Simon Rosenberg in this column on MSNBC looks at immigration as part of “The State of America,” an msnbc.com series leading up to President Barack Obama’s 2015 State of the Union Address on Tuesday.

The United States is undergoing major change as a result of significant Hispanic migration. Consider: 

  • In 2014, the Hispanic unemployment rate dropped by a quarter in a single year, from 8.4% to 6.5%. One estimate suggests that fully one-third of all Hispanics without health insurance gained insurance in the first full year of President Obama’s health care reforms, dropping from 36% uninsured to just 23%. Over the past generation, the Hispanic dropout rate has seen similar, dramatic improvements, going from about 35% in the 1990s to 13% last year. 
  • Millions of undocumented Hispanics living in the U.S. will see dramatic socioeconomic gains through the president’s commonsense reforms to the immigration system. Early data from the two-year-old Deferred Action for Childhood Arrivals (DACA) program show that even in its early days, DACA recipients saw significant gains in their income.
  • As the Mexican-American population has soared, trade between the U.S. and Mexico has taken off. Mexico is now the America’s third largest trading partner – reaching record levels in 2014 – and its second largest export market. As the Mexican economy has improved and modernized in the post-NAFTA period, the flow of Mexicans into the U.S. has dropped to record lows. What appears to be the end of the Great Mexican Diaspora has helped contribute to a very dramatic slowdown in the flow of undocumented immigrants into the U.S. during Obama’s presidency.
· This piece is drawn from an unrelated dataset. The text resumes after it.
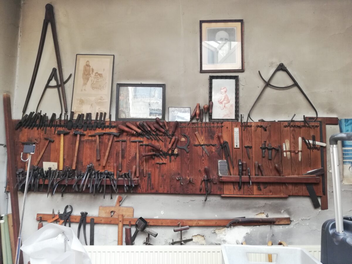 Huis Delsart combineert een winkel met oa. prachtige houten kasten, een woonhuis met fraaie lambriseringen en schouwen én een leerbewerkingsatelier met een indrukwekkend gereedschapsbord.

  • A CBS News poll released last week showed that even after months of contentious debate and aggressive GOP counter-legislation, 69% of the country wants the 11 million undocumented immigrant population to remain in the US; 62% support the President’s actions and 55% want them to remain in place. It appears that the public is rejecting renewed, intense GOP efforts to force the millions undocumented immigrants living and working among us to leave.